Here is a simple example of a `MultiLens` in action:

```js
var arrayLenses = [
            new nanoscope.IndexedLens(0),
            new nanoscope.IndexedLens(1)
    ],
    objectLenses = {
        head: new nanoscope.IndexedLens(0),
        last: new nanoscope.IndexedLens(-1)
    },
    // A MultiLens built from an Array
    arrayMultiLens = new nanoscope.MultiLens(arrayLenses),
    // or arrayMultiLens = new nanoscope.IndexedLens(0).add(new nanoscope.IndexedLens(1));
    // A MultiLens built from an Object
    objectMultiLens = new nanoscope.MultiLens(objectLenses);

arrayMultiLens.view([1, 2]).get(); // => [1, 2]
arrayMultiLens.view([1, 2]).set('g'); // => ['g', 'g']

objectMultiLens.view([1, 2, 3]).get(); // => { head: 1, last: 3 }
objectMultiLens.view([1, 2, 3]).set('g'); // => ['g', 2, 'g']
```

### Getters and Setters

`Getters` are `Lenses` that only support `get()`, and `Setters` are `Lenses` that only support `over` and `set`.
`Getters` and `Setters` are constructed with `get` functions and `over` functions *only*, respectively. They can also be
constructed by using the `fromLens` static function in `Getter` and `Setter`, which simply replaces the old `over`/`get`
operations in the original `Lens`. Constructing your own `Lenses`, `Getters` and `Setters` is described below, but here is
an example of how `fromLens` works:

```js
var Getter = nanoscope.Getter,
    Setter = nanoscope.Setter,
    IndexedLens = nanoscope.IndexedLens;

Getter.fromLens(new IndexedLens(0)).view([1]).get(); // => 1
Getter.fromLens(new IndexedLens(0)).view([1]).set(10); // => Error: map not permitted in a Getter

Setter.fromLens(new IndexedLens(0)).view([1]).set(10); // => [10]
Setter.fromLens(new IndexedLens(0)).view([1]).get(); // => Error: get not permitted in a Setter
```

These are useful when you want to restrict access to certain parts of your structures, but still use any `Lenses`
to access data in one or more ways.

### Making your own `Lens`es
Consider a `Lens` that views an array and focuses on its first element.
The `get` function for this `Lens` might look like this:

```js
var get = function (arr) {
    return arr[0];
};
```

...and `map` might be defined like so:

```js
var map = function (arr, func) {
    var newArr = _.cloneDeep(arr);
    newArr[0] = func(newArr[0]);
    return newArr;
};
```

There are a couple of things to note here:

1. We use `_.cloneDeep` from `lodash` (or `underscore`) to clone the object, because `Lens`es should provide immutable
access to data.
2. `func` is a function that operates on the focus of the `Lens`, which in this case is `arr[0]`.
3. We return the full, modified structure at the end.

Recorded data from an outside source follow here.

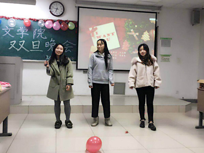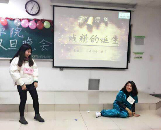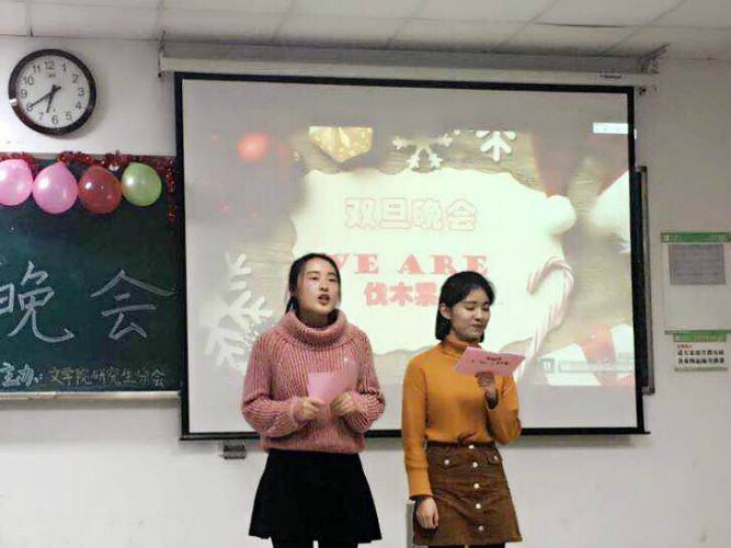 首先登场的是两位主持人,在她们热情的开场白之后,文院研会双旦晚会正式拉开序幕。
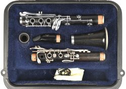 A Signet clarinet by the brand Selmer USA, in a plastic case.
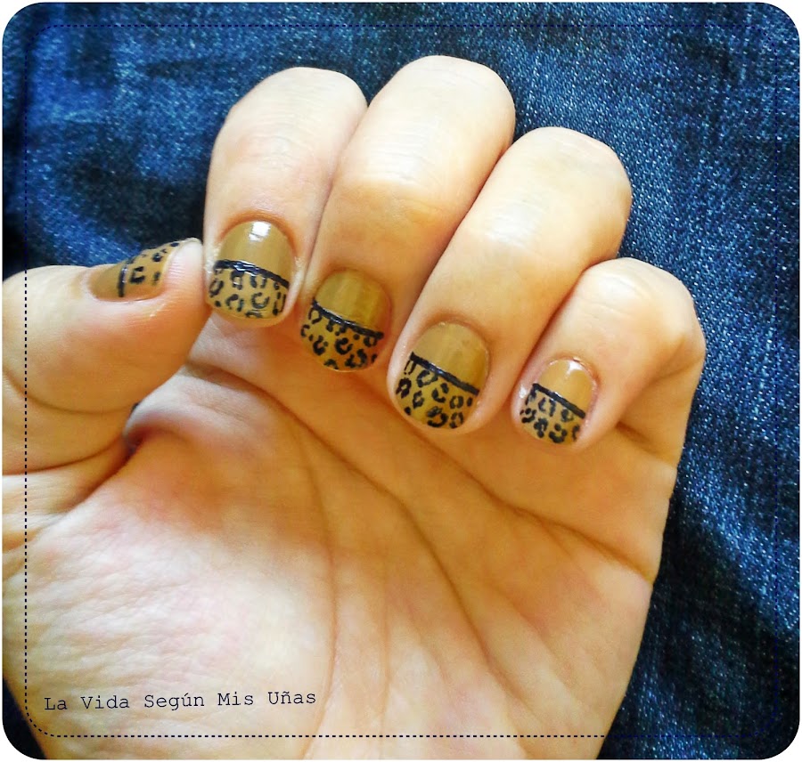 Una vez secas las uñas, dibujé el estampado de leopardo en azul oscuro,(solo el contorno, esta vez no he rellenado las manchas porque me gustaba más así ).

We can construct a `Lens` from these bindings like so:

```js
var nanoscope = require('nanoscope'),
    headLens = new nanoscope.Lens(get, map);
```

All valid `Lens`es must also satisfy the so-called "Lens Laws":

1. set-get (you get what you put in): `lens.get(lens.set(a, b)) = b`
2. get-set (putting what is there doesn't change anything): `lens.set(a, lens.get(a)) = a`
3. set-set (setting twice is the same as setting once): `lens.set(c, lens.set(b, a)) = lens.set(c, a)`

These laws ensure that `map`, `set` and `get` behave in the manner you'd expect. If you can convince yourself
that these laws are satisfied, you can rest easy knowing your `Lens` is well-behaved.